Boggs v. Merideth Crashes On Lack of Jurisdiction

UAV operators have kept a wary eye on Boggs v. Merideth, the Kentucky drone shoot-down case.  This case, which famously involved a drone operator who sought damages after his drone was shot down by a property owner, has now been dismissed. While the UAV industry had been concerned that the court’s decision could establish harmful precedent when it comes to operating drones over property, the court dismissed the decision on technical grounds and did not reach the substance of the case.
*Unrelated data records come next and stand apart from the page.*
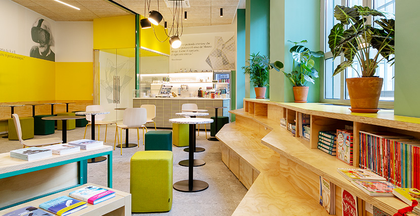 A space designed for multiple purposes: coffee shop, bookshop, location for small events.
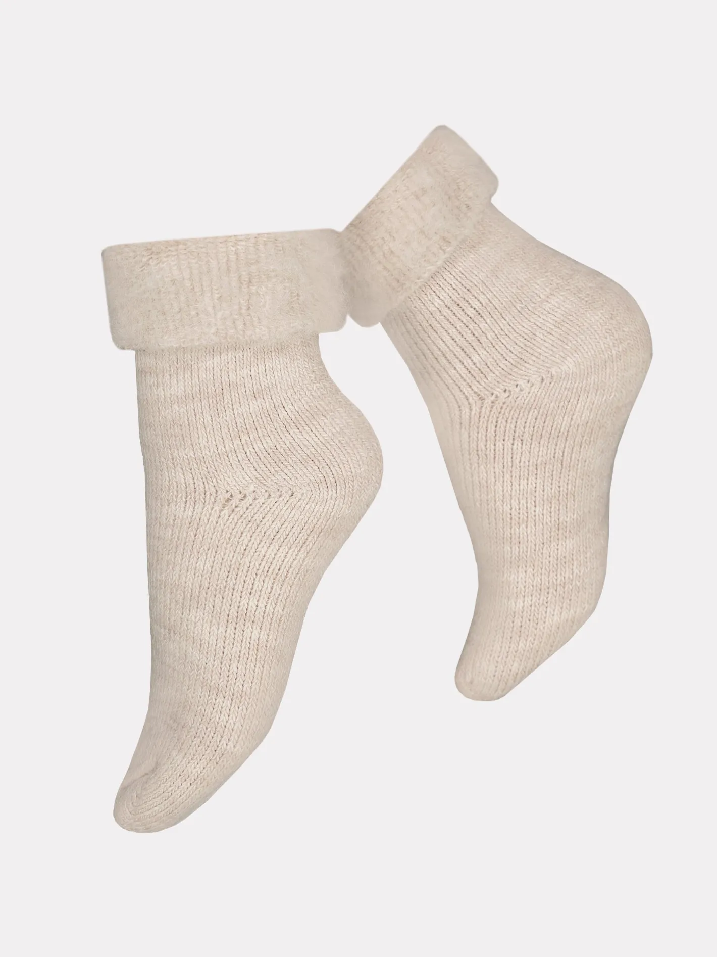 Voguen ihanan pehmeät alpakkavillasekoitesukat ecrun värissä. Pörröiset kotisukat ovat ihanteelliset leppoisaan kotona oleskeluun.
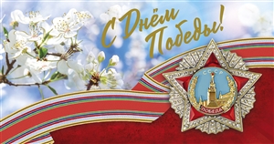 № 2026-025/5. С Днём Победы! Орден и лента Ордена Победы на фоне голубого неба и веточки яблони
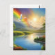 An image of a dove flying over a serene landscape with a rainbow in the sky.
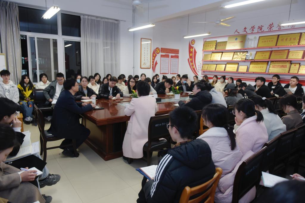 3月6日晚,人文学院在博识楼1318会议室举行本学期第1期(总第30期)“与析斋”答疑活动,特邀我校党委委员、副校长常青林老师,以“如何把公文写成美文”为题与同学们面对面交流畅谈。该院党总支副书记、副院长张晶主持座谈会,该院辅导员、学生及兄弟学院教师50余人参加了本次面对面答疑解惑。
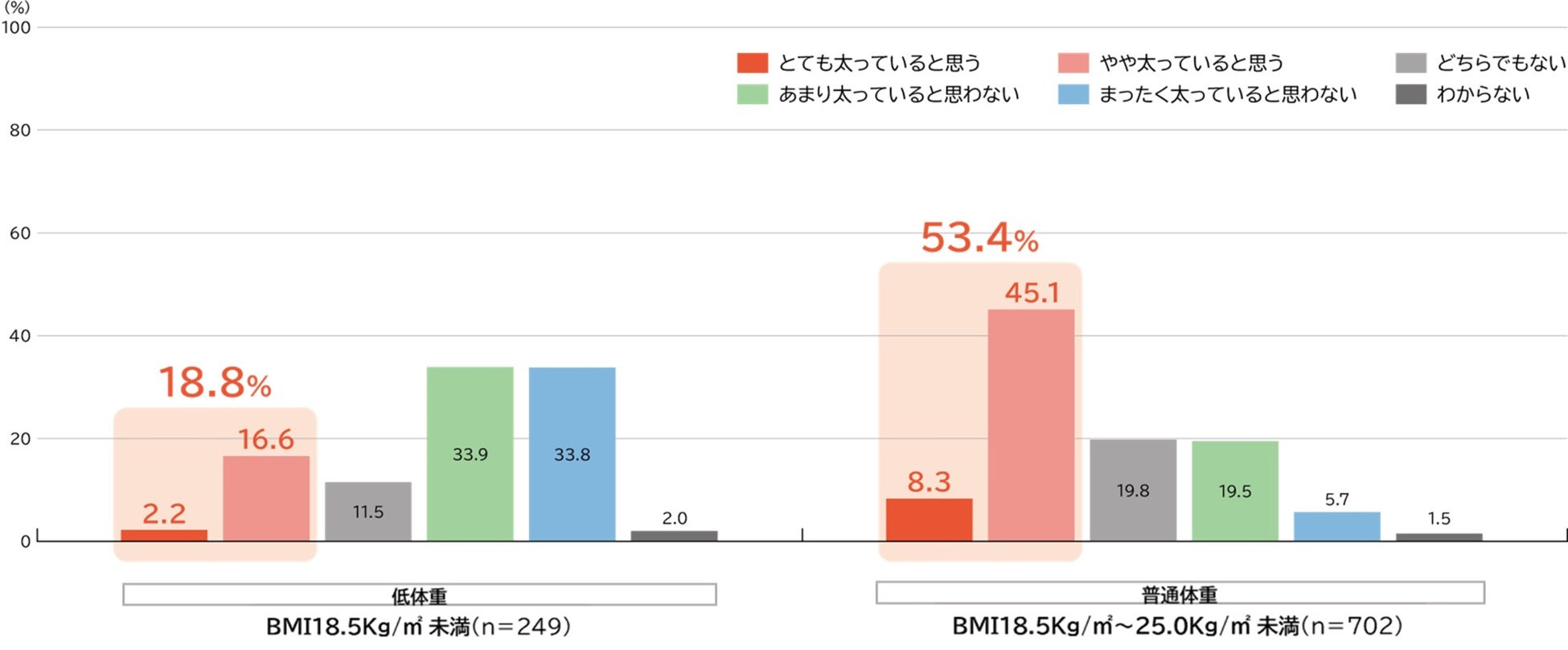 本調査では、特に低体重と普通体重に着目して検討した結果、普通体重の約半数(53.4%)が自分を「太っている(とても太っていると思う、やや太っていると思う計)」と認識していることがわかりました。この認識は、低体重女性の約2割(18.8%)にも見られます。また、痩せたいという欲求についても、低体重の約16%、普通体重の約半数が「とても痩せたい」と感じていることが判明しました。
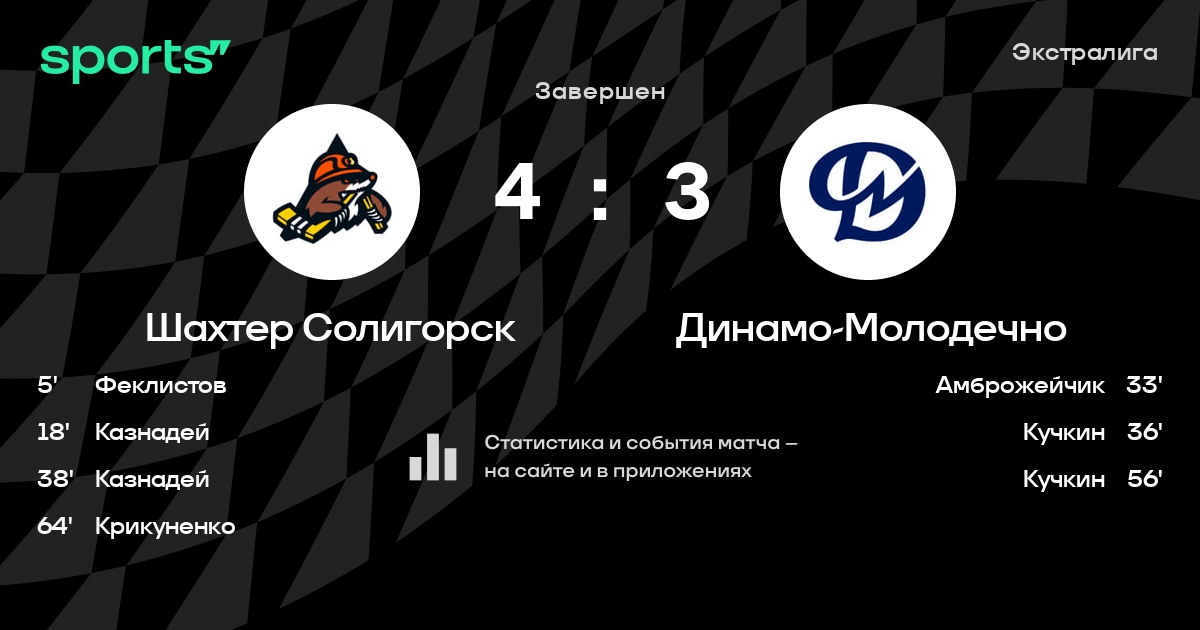 В прошедшем матче в рамках турнира Экстралига состоялась встреча команд Шахтер Солигорск - Динамо-Молодечно в городе Солигорск (Беларусь) на стадионе Ледовый дворец спорта Солигорск (вместимость - 1800)
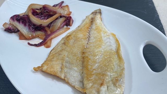 Prendete due filetti di pesce bianco, rosolate uno spicchio di aglio in padella e mettete a cuocere il pesce sul lato della polpa, girate poi sul lato della pelle e completate la cottura. Attendete qualche minuto e sfumate con del vino bianco.
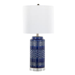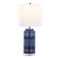 Casa - Contemporary Table Lamp (Set of 2) - Glossy Navy Crackle / Polished Nickel / White
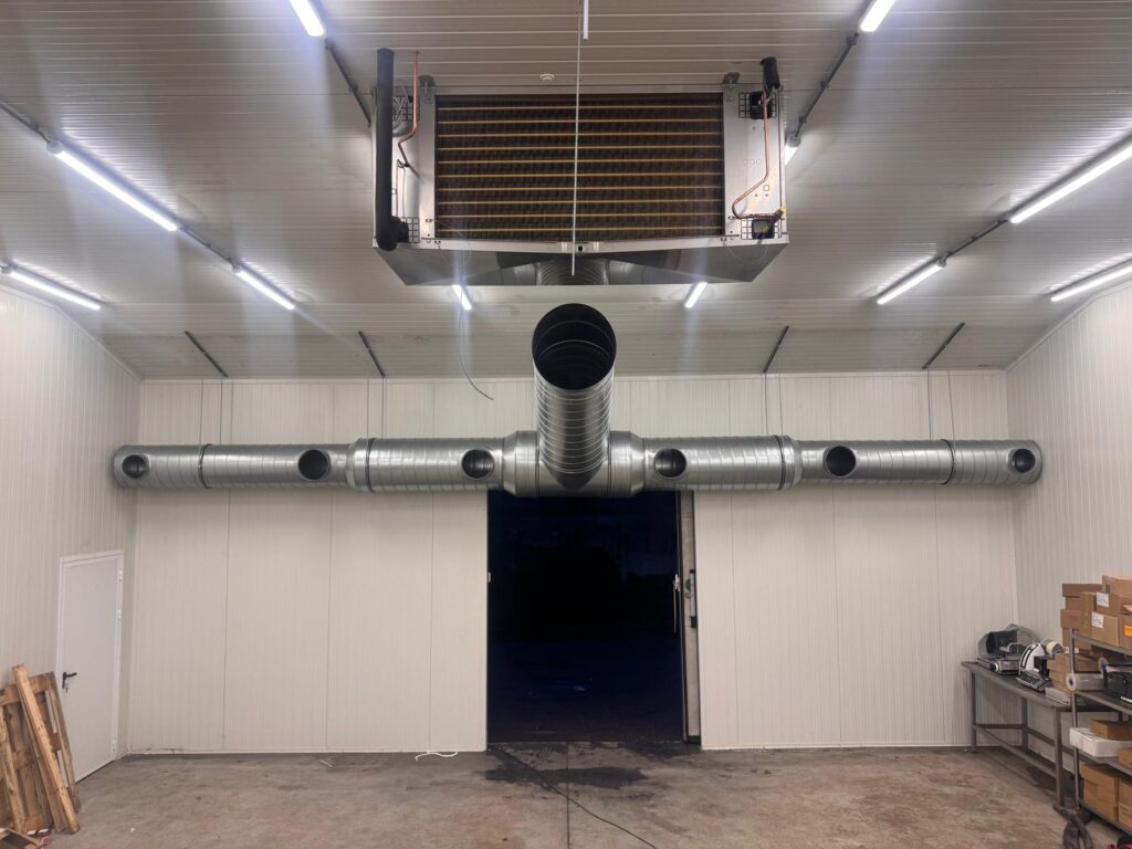 Voor een bestaande klant hebben wij een compleet nieuwe ruimte voor kaasopslag ontworpen, uitgewerkt én volledig geleverd en gemonteerd. De installatie is volledig afgestemd op de wensen van de klant en biedt optimale controle over zowel temperatuur als relatieve vochtigheid (RV) – essentieel voor perfecte kaasrijping en -opslag.
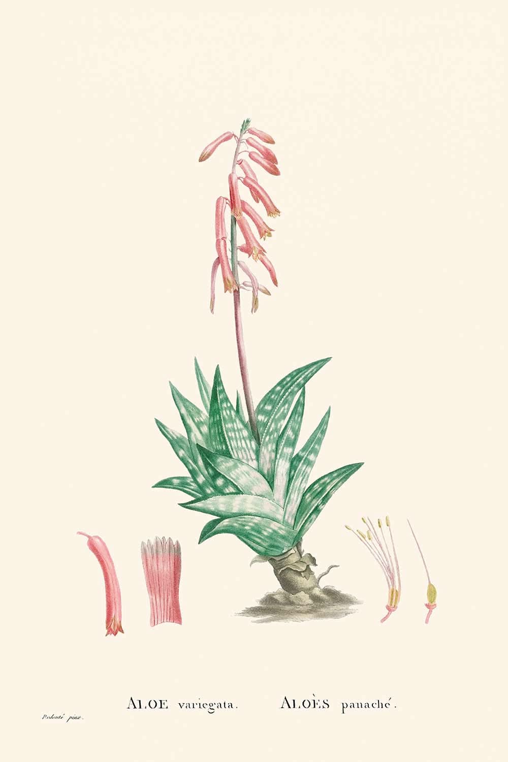 L'Aloe Variegata, communément appelé Aloe Tigré, est représenté avec une précision et une vivacité remarquables. Ce joyau botanique est célébré non seulement pour son attrait esthétique, mais aussi pour sa précision scientifique. L'art de Redouté se caractérise par l'utilisation complexe de la couleur et du style, capturant l'essence du sujet avec élégance et clarté.
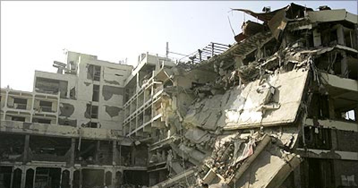A section of the Pearl Continental at the rear was reduced to rubble by the massive blast, which destroyed nearly 50 vehicles in the parking lot. The blast also damaged a nearby mosque and several other buildings.
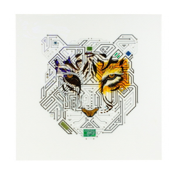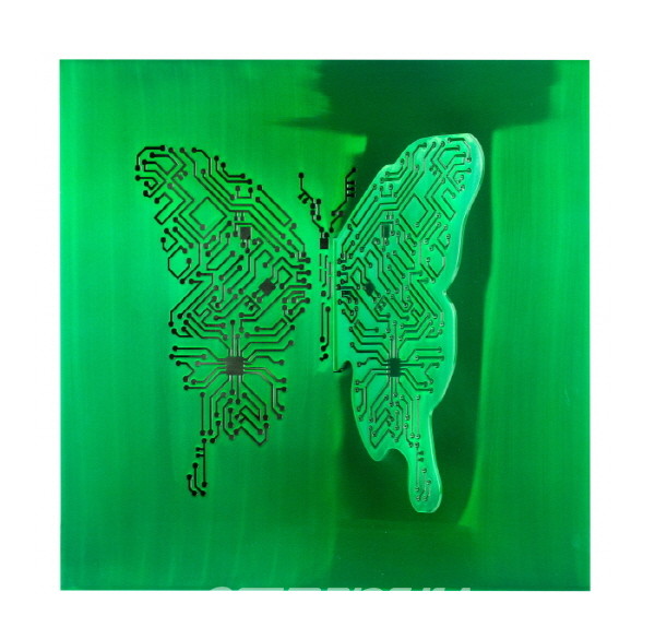 캔버스 위에 크리스털 등 복합매체를 활용한 작품 [MR.TIGER], [MS.TIGER](2022)은 호랑이 머리 형태로 배치된 회로도와 호랑이의 날카로운 눈매의 재현이 공존한다. 해바라기의 반이 마치 엑스레이 사진처럼 골격을 드러내는 작품 [SUN FLOWER 1,2,3](2021)은 재현적 이미지가 보이는 부분이 각각 다르다. 나비 반쪽은 재현적, 다른 반쪽은 회로도인 작품 [데칼코마니](2020)는 마치 회로도에서 탄생한 인공생명체같은 모습이다. 배경에서 형태가 나오고 그 반대도 가능하다. 그것은 의태(擬態)--사전적 해석은 ① mimicry ② mimesis ③ simulation 등으로 나와있다--처럼, 자연 생태계에서는 이미 일어나는 일이다. 배경과의 일치는 조화이기도 하지만 죽음일 수도 있다. 하지만 폐기된 기계부품이 예술로 다시 탄생하듯이 죽음은 삶의 조건이 된다. 단색 배경의 하트 안에 ‘HOPE’, ‘WISH’, ‘GOOD’ 등의 단어를 넣은 2021년의 평면 작품에서 작가는 보편적인 가치를 말한다.
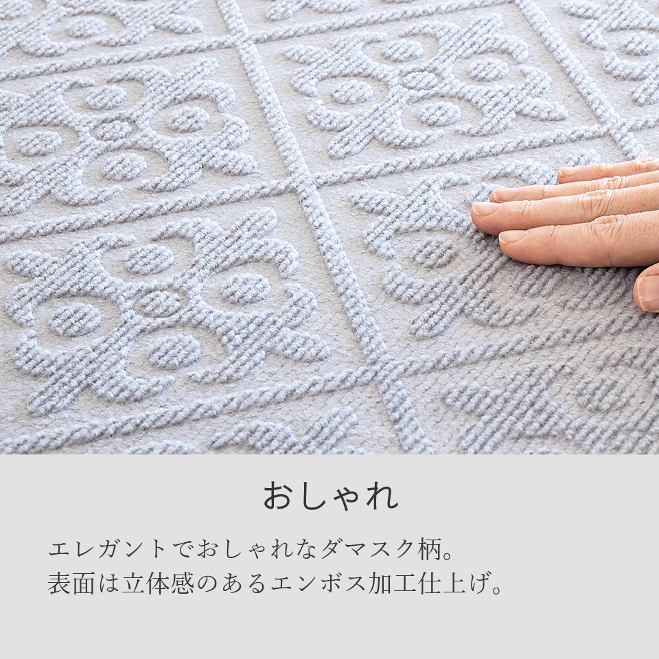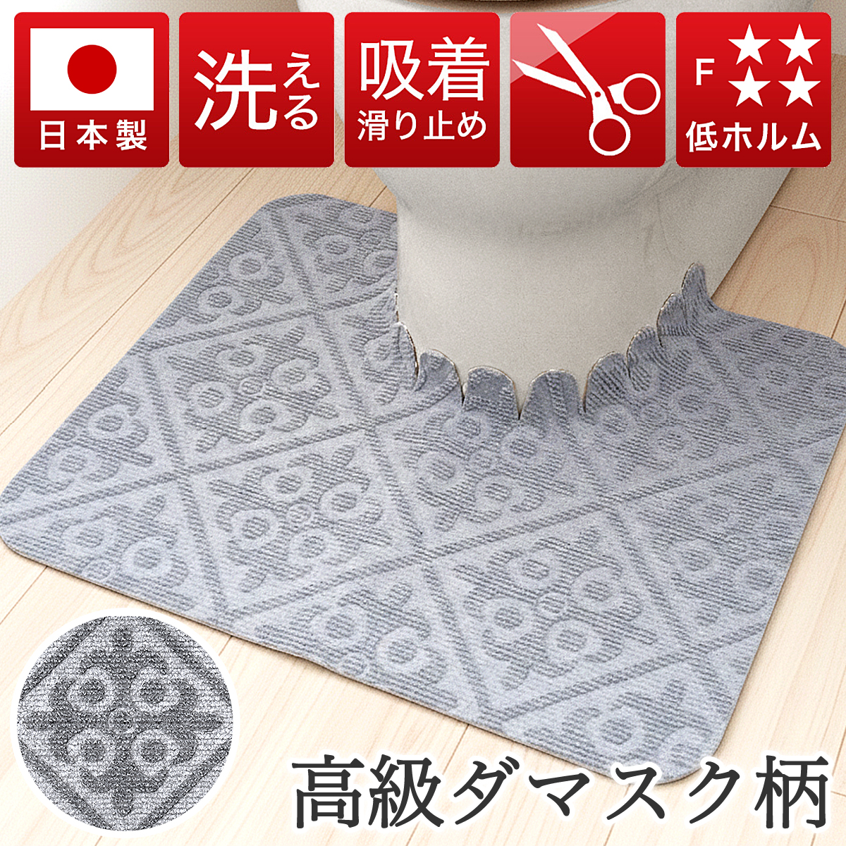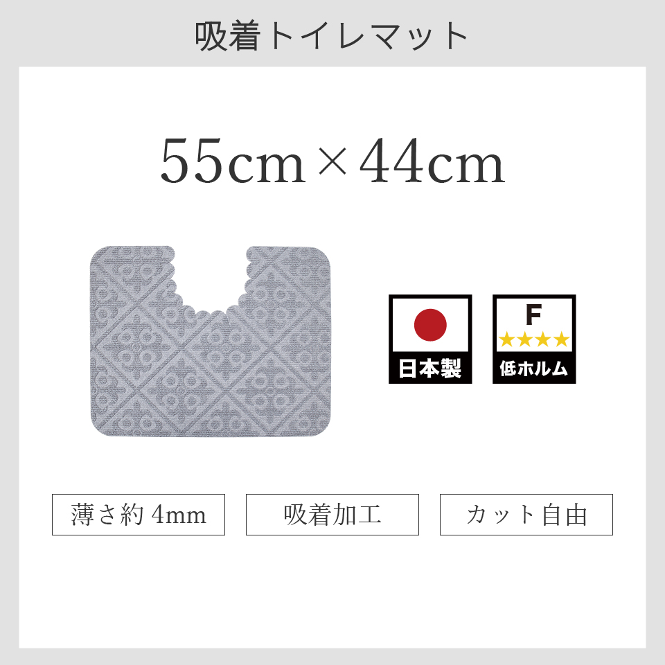 キーワード:日本製トイレマット 幅55cm×奥行44cm 洗える 吸着マット トイレ用マット 汚れ防止 防汚 エンボスダマスク柄 バリアフリートイレ対応 薄型 フリーカット おしゃれ 柄付き ずれない ウォッシャブル オールシーズン 床 フローリング 底冷え 寒さ対策 足元寒さ対策 安心の低ホルム フォースター bakugai202602

The facts of Boggs are both lurid and somewhat disputed, but there is no doubt that the plaintiff was operating a drone and that the defendant used a shotgun to bring it down.  The defendant, Merideth, argued that he was simply defending his property against aerial assault.  The case made an initial splash when authorities declined to prosecute the property owner, but it gained a second wind when the drone operator decided to seek compensation in federal court for the loss of his craft.  The plaintiff, Boggs, claimed that he had suffered a property loss when the defendant fired on his drone, and, anticipating the most likely defense, further argued that the defendant Merideth could not claim that he was simply defending his property because federal law had sole jurisdiction over the use of the national airspace.

The case thus presented the potential for a landmark decision on a key legal issue:  What is the scope of federal authority over the use of the airspace, and is there an “envelope” of airspace around private property that is not subject to federal control?  It was one of the first (and, so far, very few) cases to tee this issue up directly, and thus immediately popped onto the radar of every drone lawyer in the country.

Ultimately, though, the case was brought down before it ever reached the merits.  The court dismissed the case for lack of subject matter jurisdiction, holding that the case was really a state law claim dressed in federal garb. The court held that because the case only implicated federal law as, in essence, a response to an anticipated defense, there was not a federal question.  As the court explained, “FAA regulations, at most, would constitute ancillary issues in this case, in which the heart of Boggs’ claim is one for damage to his unmanned aircraft under Kentucky state law.” That is simply not enough to give a federal court jurisdiction.

With Boggs shot down, it will fall to other courts to decide the critical issue of how far federal jurisdiction extends when it comes to the operation of UAS.  One thing is for certain—this is a question that will come over the horizon again.